What is Bayes’ Theorem?

Bayes' Theorem is a way of finding a probability when we know certain other probabilities.

Suppose a patient goes to see their doctor. The doctor performs a test with 99 percent reliability— that is, 99% of people who are sick test positive and 99% of healthy people test negative. The doctor knows that only 1% of the people in the country are sick. Now the question is: if the patient tests positive, what are the chances the patient is sick?

The intuitive answer is 99 percent, but the correct answer is 50 percent. Bayes provides us a framework to understand why. He stated the defining relationship expressing the probability you test positive AND are sick as the product of the likelihood that you test positive GIVEN that you are sick and the "prior" probability that you are sick. Said another way, the probability the patient is sick, prior to specifying a particular patient and administering the test. Bayes's theorem defines the relationship between what we know and what we want to know in this problem. What we are given (what we know) is p(+|s), which a mathematician would read as "the probability of testing positive given that you are sick". What we want to know is p(s|+), or "the probability of being sick given that you tested positive."

Rather than relying on Bayes's math to help us with this, let's consider another example. Imagine that the above story takes place in a small city, with 10,000 people. From the prior p(s)=0.01, we know that 1 percent, or 100 people, are sick, and 9,900 are healthy. If we administer the test to everyone, the most probable result is that 99 of the 100 sick people test positive. Since the test has a 1 percent error rate, however, it is also probable that 99 of the healthy people test positive. Now if the doctor sends everyone who tests positive to the hospital, there will be an equal number of healthy and sick patients. If you meet one, even though you are armed with the information that the patient tested positive, there is only a 50 percent chance this person is actually sick.

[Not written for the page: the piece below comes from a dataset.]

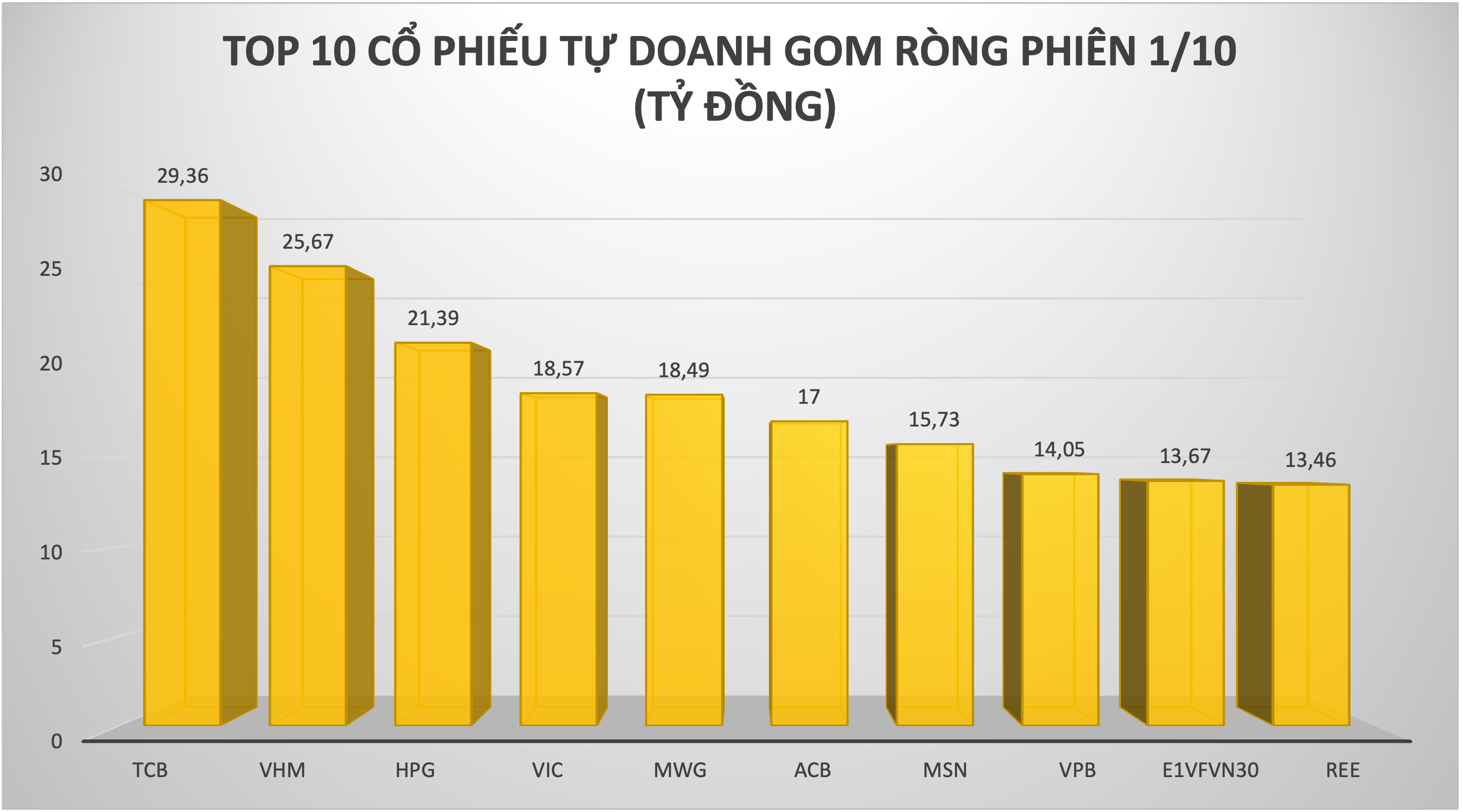 TCB được khối tự doanh mua ròng mạnh nhất với giá trị 154 tỷ đồng. Đứng thứ 2 trong danh sách mua ròng của khối tự doanh vẫn thuộc về một mã ngân hàng là VPB với giá trị 113 tỷ đồng. Tiếp sau đó, HPG và DXG được mua ròng lần lượt 98 tỷ đồng và 74 tỷ đồng. Ở chiều ngược lại, FPT bị bán ròng mạnh nhất với giá trị 52 tỷ đồng. PHC và KDH bị bán ròng lần lượt 30 tỷ đồng và 25 tỷ đồng.

Tests are not the event. We have a cancer test, separate from the event of actually having cancer. We have a test for spam, separate from the event of actually having a spam message.

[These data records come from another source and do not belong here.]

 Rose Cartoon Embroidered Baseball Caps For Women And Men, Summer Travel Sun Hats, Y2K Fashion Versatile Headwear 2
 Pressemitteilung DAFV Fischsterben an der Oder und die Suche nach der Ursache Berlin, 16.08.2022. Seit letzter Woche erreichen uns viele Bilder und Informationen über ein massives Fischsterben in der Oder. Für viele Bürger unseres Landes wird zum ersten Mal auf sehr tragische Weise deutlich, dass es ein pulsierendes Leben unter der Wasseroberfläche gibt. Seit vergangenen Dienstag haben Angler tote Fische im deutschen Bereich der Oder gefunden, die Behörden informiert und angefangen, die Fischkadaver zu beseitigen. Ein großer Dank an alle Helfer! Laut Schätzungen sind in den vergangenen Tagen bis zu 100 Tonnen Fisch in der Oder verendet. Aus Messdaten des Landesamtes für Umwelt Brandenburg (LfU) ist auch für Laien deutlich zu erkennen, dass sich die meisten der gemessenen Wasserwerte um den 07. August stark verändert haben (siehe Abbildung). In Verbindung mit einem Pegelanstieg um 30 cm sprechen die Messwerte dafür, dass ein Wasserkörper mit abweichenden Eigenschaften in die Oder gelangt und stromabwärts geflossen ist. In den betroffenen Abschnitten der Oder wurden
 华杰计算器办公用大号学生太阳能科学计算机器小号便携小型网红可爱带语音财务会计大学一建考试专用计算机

Now imagine the doctor moves to another country, performing the same test, with the same likelihood (p(+|s)), and, for that matter, the same success rate for healthy people, which we might call p(-|h), "the probability of scoring negative given that one is healthy." In our example city, however, we suppose that only one in every 200 people is sick. If a new patient tests positive, it is actually more probable that the patient is healthy than sick. The doctor needs to update the prior.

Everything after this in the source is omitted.